Higher yet, if you would like to implement semantic seek for your personal website using this method, you may follow along! Listed here are the ingredients you’ll need:
- Install the openai Python package and create an account: you’ll use this account to send your docs and queries to an inference endpoint, which can return an embedding vector for every bit of text.
- Install the qdrant-client Python package and launch a Qdrant server via Docker: you’ll use Qdrant to create a locally hosted vector index for the docs, against which queries can be run. The Qdrant service will run inside a Docker container.
My company’s docs are all hosted as HTML documents at https://docs.voxel51.com. A natural place to begin would have been to download these docs with Python’s requests library and parse the document with Beautiful Soup.
As a developer (and creator of a lot of our docs), nonetheless, I believed I could do higher. I already had a working clone of the GitHub repository on my local computer that contained all the raw files used to generate the HTML docs. A few of our docs are written in Sphinx ReStructured Text (RST), whereas others, like tutorials, are converted to HTML from Jupyter notebooks.
I figured (mistakenly) that the closer I could get to the raw text of the RST and Jupyter files, the simpler things can be.
RST
In RST documents, sections are delineated by lines consisting only of strings of =
, -
or _
. For instance, here’s a document from the FiftyOne User Guide which comprises all three delineators:
I could then remove all the RST keywords, reminiscent of toctree
, code-block
, and button_link
(there have been many more), in addition to the :
, ::
, and ..
that accompanied a keyword, the beginning of a brand new block, or block descriptors.
Links were easy to maintain too:
no_links_section = re.sub(r"<[^>]+>_?","", section)
Things began to get dicey after I desired to extract the section anchors from RST files.
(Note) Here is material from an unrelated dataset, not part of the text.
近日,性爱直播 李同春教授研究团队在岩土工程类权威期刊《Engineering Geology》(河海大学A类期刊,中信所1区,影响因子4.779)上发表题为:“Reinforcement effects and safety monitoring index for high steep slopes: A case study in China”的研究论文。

A lot of our sections had anchors specified explicitly, whereas others were left to be inferred through the conversion to HTML.
Here is an example:
.. _brain-embeddings-visualization:Visualizing embeddings
______________________
The FiftyOne Brain provides a strong
:meth:`compute_visualization() ` method
that you would be able to use to generate low-dimensional representations of the samples
and/or individual objects in your datasets.
These representations will be visualized natively within the App's
:ref:`Embeddings panel `, where you may interactively
select points of interest and think about the corresponding samples/labels of interest
within the :ref:`Samples panel `, and vice versa.
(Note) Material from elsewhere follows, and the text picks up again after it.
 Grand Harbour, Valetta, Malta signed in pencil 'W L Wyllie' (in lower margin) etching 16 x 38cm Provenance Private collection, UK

.. image:: /images/brain/brain-mnist.png
:alt: mnist
:align: center
There are two primary components to an embedding visualization: the strategy used
to generate the embeddings, and the dimensionality reduction method used to
compute a low-dimensional representation of the embeddings.
Embedding methods
-----------------
The `embeddings` and `model` parameters of
:meth:`compute_visualization() `
support quite a lot of ways to generate embeddings in your data:
Within the brain.rst file in our User Guide docs (a portion of which is reproduced above), the Visualizing embeddings section has an anchor #brain-embeddings-visualization
specified by .. _brain-embeddings-visualization:
. The Embedding methods subsection which immediately follows, nonetheless, is given an auto-generated anchor.
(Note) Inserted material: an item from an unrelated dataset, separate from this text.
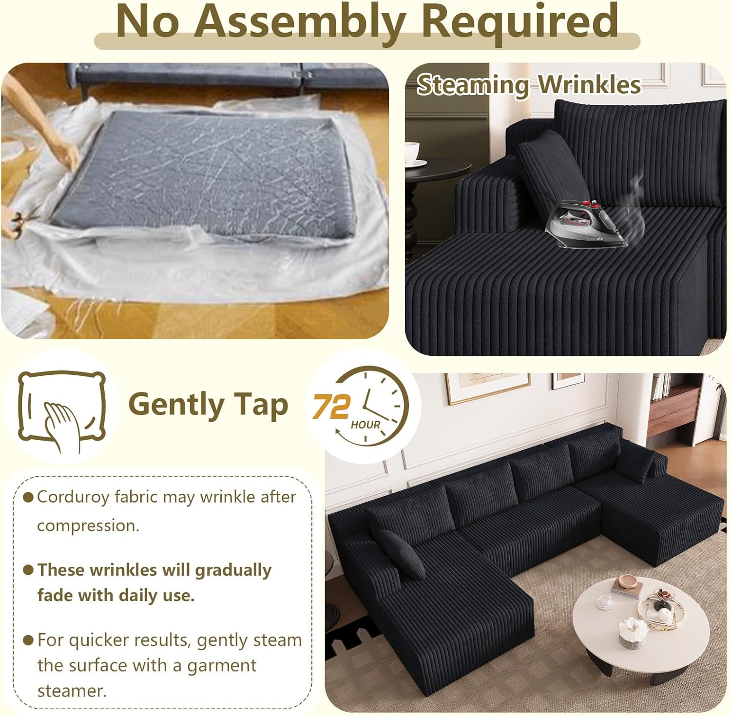 No Assembly Required: Say goodbye to complicated furniture assembly! Our boneless sofa arrives fully assembledsimply unbox, fluff up the cushions, and within 72 hours, you'll have a perfectly shaped corduroy sofa ready to enjoy. No tools, no hasslejust instant comfort and style. With dimensions of 124W x 59.8D x 24.8H, this spacious sofa is the ideal centerpiece for your living room, offering both style and comfort without any of the typical assembly frustrations.

One other difficulty that soon reared its head was how you can cope with tables in RST. List tables were fairly straightforward. For example, here’s a listing table from our View Stages cheat sheet:
.. list-table::* - :meth:`match() `
* - :meth:`match_frames() `
* - :meth:`match_labels() `
* - :meth:`match_tags() `
Grid tables, then again, can get messy fast. They provide docs writers great flexibility, but this same flexibility makes parsing them a pain. Take this table from our Filtering cheat sheet:
+-----------------------------------------+-----------------------------------------------------------------------+
| Operation | Command |
+=========================================+=======================================================================+
| Filepath starts with "/Users" | .. code-block:: |
| | |
| | ds.match(F("filepath").starts_with("/Users")) |
+-----------------------------------------+-----------------------------------------------------------------------+
| Filepath ends with "10.jpg" or "10.png" | .. code-block:: |
| | |
| | ds.match(F("filepath").ends_with(("10.jpg", "10.png")) |
+-----------------------------------------+-----------------------------------------------------------------------+
| Label comprises string "be" | .. code-block:: |
| | |
| | ds.filter_labels( |
| | "predictions", |
| | F("label").contains_str("be"), |
| | ) |
+-----------------------------------------+-----------------------------------------------------------------------+
| Filepath comprises "088" and is JPEG | .. code-block:: |
| | |
| | ds.match(F("filepath").re_match("088*.jpg")) |
+-----------------------------------------+-----------------------------------------------------------------------+
Inside a table, rows can take up arbitrary numbers of lines, and columns can vary in width. Code blocks inside grid table cells are also difficult to parse, as they occupy space on multiple lines, so their content is interspersed with content from other columns. Because of this code blocks in these tables must be effectively reconstructed through the parsing process.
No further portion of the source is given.